> **RECORDED INFORMATION**
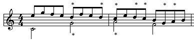 具有一定程度的學(xué)生常常會(huì)對(duì)某些音該用靠弦法還是用勾弦法感到困惑,如上例中帶*的音符。其實(shí)任何事情都不是絕對(duì)的,吉他也不例外。規(guī)則是死的,它僅僅對(duì)大多數(shù)問題比較簡單的情形做出規(guī)定,而音樂則是千變?nèi)f化的,在許多因素綜合在一起時(shí),就要考慮規(guī)則是否適用,是否妨礙音樂的需要。實(shí)際上該用靠弦奏法而不能用的例子是很多的,如上例中帶*的音符,又如分布在相鄰琴弦上的和弦,復(fù)調(diào)音樂中的各個(gè)聲部,速度很快很輕松很活潑的樂句等等。因此,演奏者應(yīng)該順應(yīng)音樂的要求,自己決定如何彈奏。不要擔(dān)心你的選擇和別人的不一樣,不同的演奏者采用不同的奏法是很正常的。
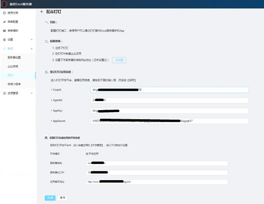 在钉钉管理界面上创建与Excel服务器帐套对应的应用。
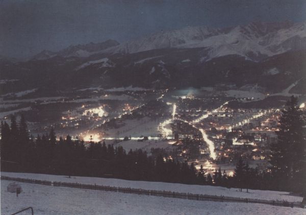 Widok ogólny na Zakopane z Gubałówki nocą w zimie.

> **WORK TO COMPLETE**
Output the span from the line with "在钉钉管理界面上创建与Excel服务器帐套对应的应用。" through the last line of the data, inclusive and exact, and omit every picture.

> **EXPECTED OUTPUT**
 在钉钉管理界面上创建与Excel服务器帐套对应的应用。
 Widok ogólny na Zakopane z Gubałówki nocą w zimie.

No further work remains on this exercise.